## Input data
··········
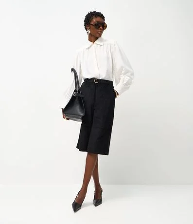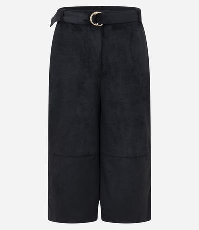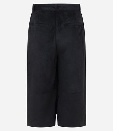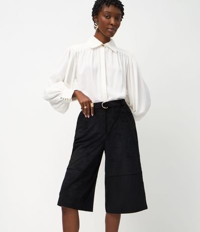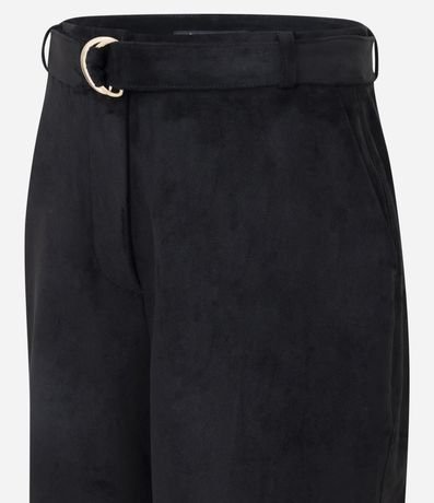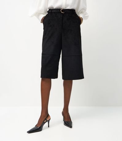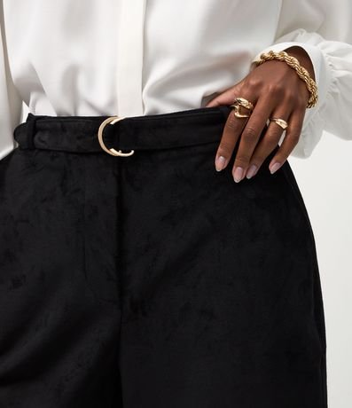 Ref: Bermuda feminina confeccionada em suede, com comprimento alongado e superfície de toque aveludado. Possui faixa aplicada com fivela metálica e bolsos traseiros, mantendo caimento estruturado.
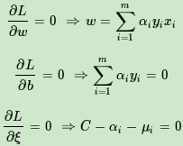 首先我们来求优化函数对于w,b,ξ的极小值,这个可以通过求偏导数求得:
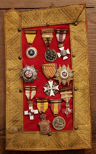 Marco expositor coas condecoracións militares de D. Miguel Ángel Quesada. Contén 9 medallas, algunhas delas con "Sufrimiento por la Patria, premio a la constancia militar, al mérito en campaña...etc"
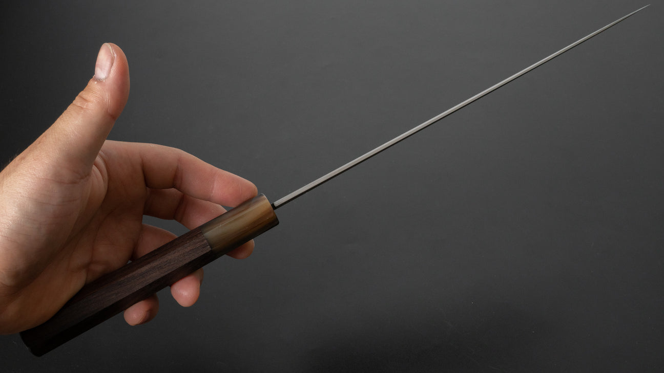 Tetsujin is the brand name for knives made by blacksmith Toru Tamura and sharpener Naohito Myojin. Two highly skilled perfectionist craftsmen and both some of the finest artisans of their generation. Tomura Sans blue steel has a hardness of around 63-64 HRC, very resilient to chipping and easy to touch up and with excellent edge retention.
··········
## What you should do
What you need to copy is the run of lines from the one holding "Marco expositor coas" through the end of the data, exactly and only, both ends included, pictures omitted.

## Problem solution
 Marco expositor coas condecoracións militares de D. Miguel Ángel Quesada. Contén 9 medallas, algunhas delas con "Sufrimiento por la Patria, premio a la constancia militar, al mérito en campaña...etc"
 Tetsujin is the brand name for knives made by blacksmith Toru Tamura and sharpener Naohito Myojin. Two highly skilled perfectionist craftsmen and both some of the finest artisans of their generation. Tomura Sans blue steel has a hardness of around 63-64 HRC, very resilient to chipping and easy to touch up and with excellent edge retention.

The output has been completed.